* What is expected
Copy everything in the listing below word for word, apart from any images.

* Given information

--- START ---

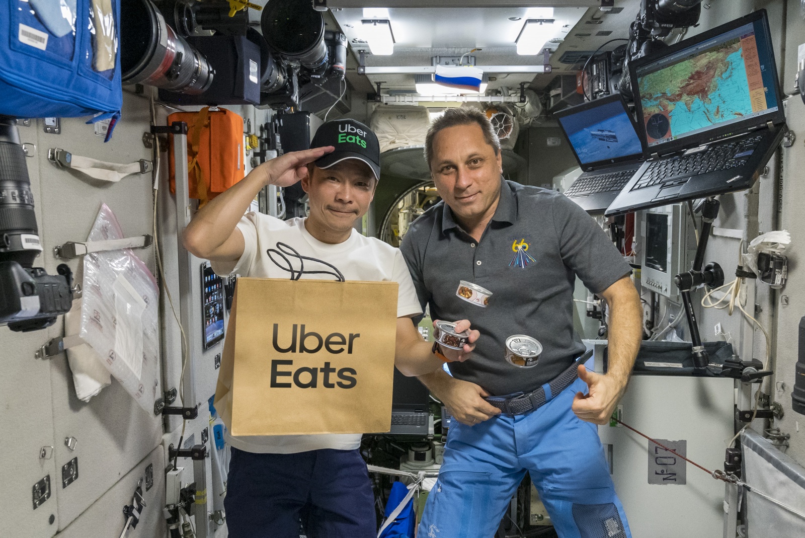 Em parceria com o empresário japonês Yusaku Maezawa, a empresa entregou iguarias japonesas aos astronautas da ISS. A bordo da nave espacial russa Soyuz, Maezawa embarcou na última quarta-feira (8), em direção à Estação Espacial, para uma missão de 12 dias e levou consigo pratos que incluíram cavala cozida com miso, carne cozida em molho agridoce, frango cozido com rebentos de bambu e carne de porco assada enviados pela Uber Eats.
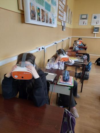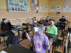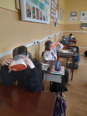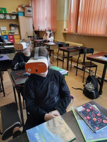 Na zajęciach korzystali z nowoczesnej technologii, czyli okularów VR zakupionych w ramach programu #LaboratoriaPrzyszłości, gdzie rozpoznawali poznane formy terenu i rodzaj krajobrazu na zdjęciach.
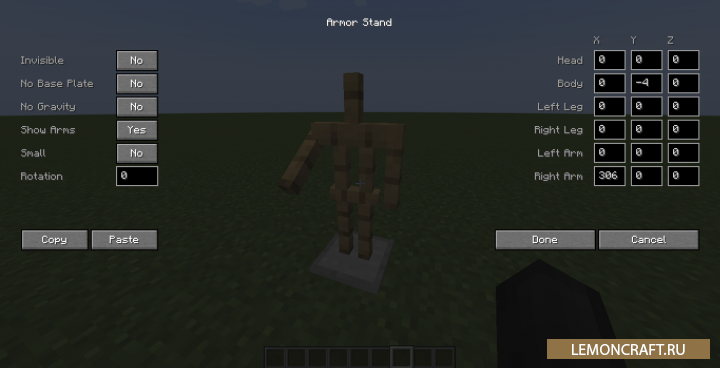Мод на настраиваемую стойку для брони Armor Poser добавит в игру возможность установки стойки для брони, которую вы сможете настроить под себя. Вы сможете изменять размеры брони, убрать плиту, добавить или убрать руку и другое. Для включения режима настройки используйте комбинацию клавиш Shift+ПКМ в тот момент, когда вы на нее смотрите.
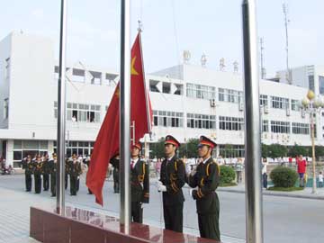 在秋高气爽,桂花飘香的金秋时节,我们伟大的祖国迎来了她58周岁的华诞。10月1日,我院在雁山新校区和屏风校区举行了隆重而庄严的升国旗仪式,与全国人民一道共同庆祝这一盛大节日。雁山校区升旗仪式由学工部(处)部(处)长熊英主持,屏风校区升旗仪式由学工处副处长张雷主持。 学院党委副书记、纪委书记赵君,学院党委委员、人事处处长华桂林出席了雁山校区的升旗仪式。参加雁山校区升旗仪式的有学院党委宣传部、统战部部长于海平,院团委书记辛立章,各系、院党总支副书记,07级新生班主任、辅导员及雁山校区2007级本科新生。上午8:00,升旗仪式正式开始。由雁山校区新生组成的升旗班和护旗队迈着矫健整齐的步伐进入广场。伴随着庄严雄壮的国歌,鲜艳的五星红旗迎着朝阳冉冉升起,全体师生向国旗行注目礼。迎着晨风,五星红旗高高地飘扬在了雁山校区的上空,全体师生一起唱起了《歌唱祖国》。 赵君副书记在雁山校区升旗仪式上发表了讲话。他首先回顾了我们伟大祖国曾经拥有的辉煌和近代中国的屈辱历史,历数了中华人民共和国成立以后所取得的一个又一个举世瞩目的伟大成就,指出了“没有中国共产党,就没有新中国;只有中国共产党,才能救中国,才能够发展中国”这一颠扑不破的真理。赵君副书记希望新生们要牢记在开学典礼暨军训开训典礼上的誓词:牢记历史使命,志存高远,立志成才;恪守社会公德,仁爱互助,勇于担当;崇尚科学理性,明辨是非,追求真知;笃行勤学深思,奋发有为,完善自我;秉承优良传统,明礼修身,心怀感恩;不忘家国期盼,奉献社会,报效祖国!要继承和发扬桂工艰苦奋斗的优良传统,树立远大理想,严格要求自己,珍惜美好的大学时光,时刻牢记学习,遵守校纪校规,把自己塑造成为德才兼备的优秀人才,不辜负父母的殷殷期盼,用优异的成绩报答父母的养育之恩;为实现学校既定的发展目标、开创学校美好的明天贡献自己的力量,从新的起点开始,从现在开始,以崭新的风貌、积极的心态和昂扬的斗志迎接新的挑战,创造新的辉煌!

--- END ---

* Answer space
 Em parceria com o empresário japonês Yusaku Maezawa, a empresa entregou iguarias japonesas aos astronautas da ISS. A bordo da nave espacial russa Soyuz, Maezawa embarcou na última quarta-feira (8), em direção à Estação Espacial, para uma missão de 12 dias e levou consigo pratos que incluíram cavala cozida com miso, carne cozida em molho agridoce, frango cozido com rebentos de bambu e carne de porco assada enviados pela Uber Eats.
 Na zajęciach korzystali z nowoczesnej technologii, czyli okularów VR zakupionych w ramach programu #LaboratoriaPrzyszłości, gdzie rozpoznawali poznane formy terenu i rodzaj krajobrazu na zdjęciach.
Мод на настраиваемую стойку для брони Armor Poser добавит в игру возможность установки стойки для брони, которую вы сможете настроить под себя. Вы сможете изменять размеры брони, убрать плиту, добавить или убрать руку и другое. Для включения режима настройки используйте комбинацию клавиш Shift+ПКМ в тот момент, когда вы на нее смотрите.
 在秋高气爽,桂花飘香的金秋时节,我们伟大的祖国迎来了她58周岁的华诞。10月1日,我院在雁山新校区和屏风校区举行了隆重而庄严的升国旗仪式,与全国人民一道共同庆祝这一盛大节日。雁山校区升旗仪式由学工部(处)部(处)长熊英主持,屏风校区升旗仪式由学工处副处长张雷主持。 学院党委副书记、纪委书记赵君,学院党委委员、人事处处长华桂林出席了雁山校区的升旗仪式。参加雁山校区升旗仪式的有学院党委宣传部、统战部部长于海平,院团委书记辛立章,各系、院党总支副书记,07级新生班主任、辅导员及雁山校区2007级本科新生。上午8:00,升旗仪式正式开始。由雁山校区新生组成的升旗班和护旗队迈着矫健整齐的步伐进入广场。伴随着庄严雄壮的国歌,鲜艳的五星红旗迎着朝阳冉冉升起,全体师生向国旗行注目礼。迎着晨风,五星红旗高高地飘扬在了雁山校区的上空,全体师生一起唱起了《歌唱祖国》。 赵君副书记在雁山校区升旗仪式上发表了讲话。他首先回顾了我们伟大祖国曾经拥有的辉煌和近代中国的屈辱历史,历数了中华人民共和国成立以后所取得的一个又一个举世瞩目的伟大成就,指出了“没有中国共产党,就没有新中国;只有中国共产党,才能救中国,才能够发展中国”这一颠扑不破的真理。赵君副书记希望新生们要牢记在开学典礼暨军训开训典礼上的誓词:牢记历史使命,志存高远,立志成才;恪守社会公德,仁爱互助,勇于担当;崇尚科学理性,明辨是非,追求真知;笃行勤学深思,奋发有为,完善自我;秉承优良传统,明礼修身,心怀感恩;不忘家国期盼,奉献社会,报效祖国!要继承和发扬桂工艰苦奋斗的优良传统,树立远大理想,严格要求自己,珍惜美好的大学时光,时刻牢记学习,遵守校纪校规,把自己塑造成为德才兼备的优秀人才,不辜负父母的殷殷期盼,用优异的成绩报答父母的养育之恩;为实现学校既定的发展目标、开创学校美好的明天贡献自己的力量,从新的起点开始,从现在开始,以崭新的风貌、积极的心态和昂扬的斗志迎接新的挑战,创造新的辉煌!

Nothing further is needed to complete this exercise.